Irene Claremont de Castillejo
London, 1885-1967
After the death of Irene Claremont, wife of José de Castillejo, her influential volume of Jungian psychoanalysis was published. Decades earlier, she had graduated from Newnham College, Cambridge and fallen in love with Castile and the olive grove that became her home in Northern Madrid. She lived there loving the dry, Meseta countryside and participating in the project of educational regeneration promoted by the intellectual circles that she shared with her husband. After Castillejo’s death in London in 1945 she began writing. She recounted the life that the shared together in the famous olive grove in an exquisite book of memories. She also wrote essays, letters and poetry.
Hello...
I had married a stranger, but I was the stranger.
Surprise forms part of the author’s first encounter with the Spanish soil that would become her home. Accustomed to the green English countryside, the dryness of Castile struck her. The encounter with the warm earth and vastness of the meseta, the rich colours of ochre and yellows, were an intense sensory experience for her whose beauty would never leave her.
The image of Castile with its miles and miles of bare, white, sun-scorched land never fails to excite me every time I see it again.
Castillejo’s olive grove was a key meeting space for institucionista regenerationism. It was also a paradise for the author. Irene Claremont stopped being an English lady and became a woman of the Spanish countryside. She learnt to efficiently manage the family estate and lived in communion with that dry land, capable of bearing both real and symbolic fruit, located not far from the capital’s centre.

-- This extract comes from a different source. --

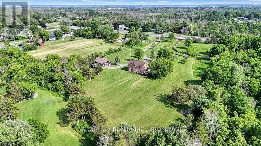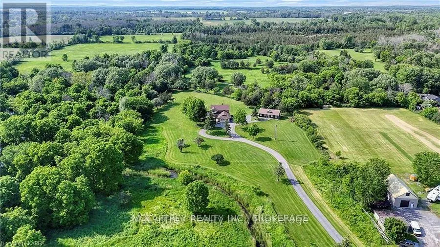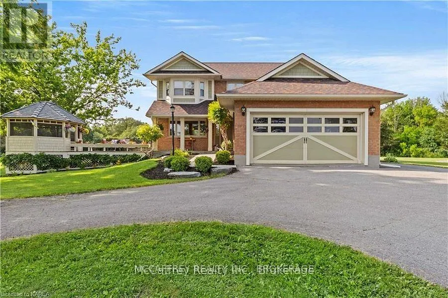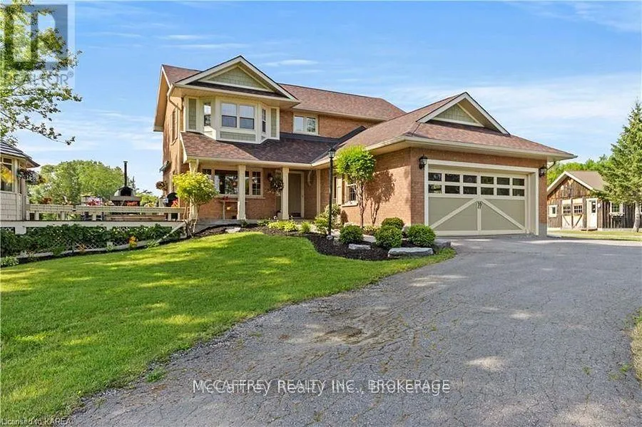 Cross Streets: Old HWY 2. ** Directions: Water Tank is for the water at the cottage, not the house. Charming 2 storey home that blends timeless elegance with modern comfort. Nestled on just over 15 pristine acres of manicured lawns and mature trees, this private sanctuary is more than a home, it's an experience. Lots of driveway space and an attached 2 car garage offers convenience while maintaining the home's aesthetic. Outdoor gatherings become unforgettable events on the expansive deck, with a gazebo and a woodfired pizza oven. The welcoming foyer offers warmth and love that has been meticulously infused into every corner. The bright, eat-in kitchen features modern updates that blend seamlessly with timeless touches. Step out through the side door onto the deck to the natural beauty of your surroundings. An elegant dining room, provides a seamless flow into the cozy living room with built-in bookshelves and an electric fireplace. A generously sized laundry room, with garage entrance and a well placed 2pc bath completes this level. Ascending the classic wooden staircase, you'll discover two bright and airy bedrooms, each offering a tranquil escape. The shared 4pc bathroom serves these rooms with elegance and functionality. The Primary bedroom features a great sized walk-in closet and a 3pc ensuite, both enhanced by heated granite tile floors for added comfort. An unfinished basement, where boundless storage options and a perfectly situated cold room await your creative touch. Outside, the property unfolds further with an updated 24'x40' insulated rustic barn that doubles as an ideal woodworking shop or more garage space. A delightful, fully functioning cottage that overlooks a tranquil stream meandering through the land. This quaint retreat could serve as a writer's studio, guest house, or a serene spot for personal reflection. Every corner of this home, barn, cottage, and the idyllic surrounding property tells a story., a cherished haven for its original owners, who have created unforgettable memories here. Now it's your turn to write the next chapter! (id:27476)

To continue into the future, I could not be absorbed by the past.
The Spanish Civil War put an end to the married life of Castillejo and Claremont in their famous olive grove with their four children. London would be the destination of their exile. The return was not easy. Irene Claremont was widowed in 1945. During her husband’s illness she looked after him devotedly. That time allowed the wounds that exile inflicts on those who experience it to heal. Castillejo never returned to Spain. It would take her twenty years to set foot on Spanish soil again.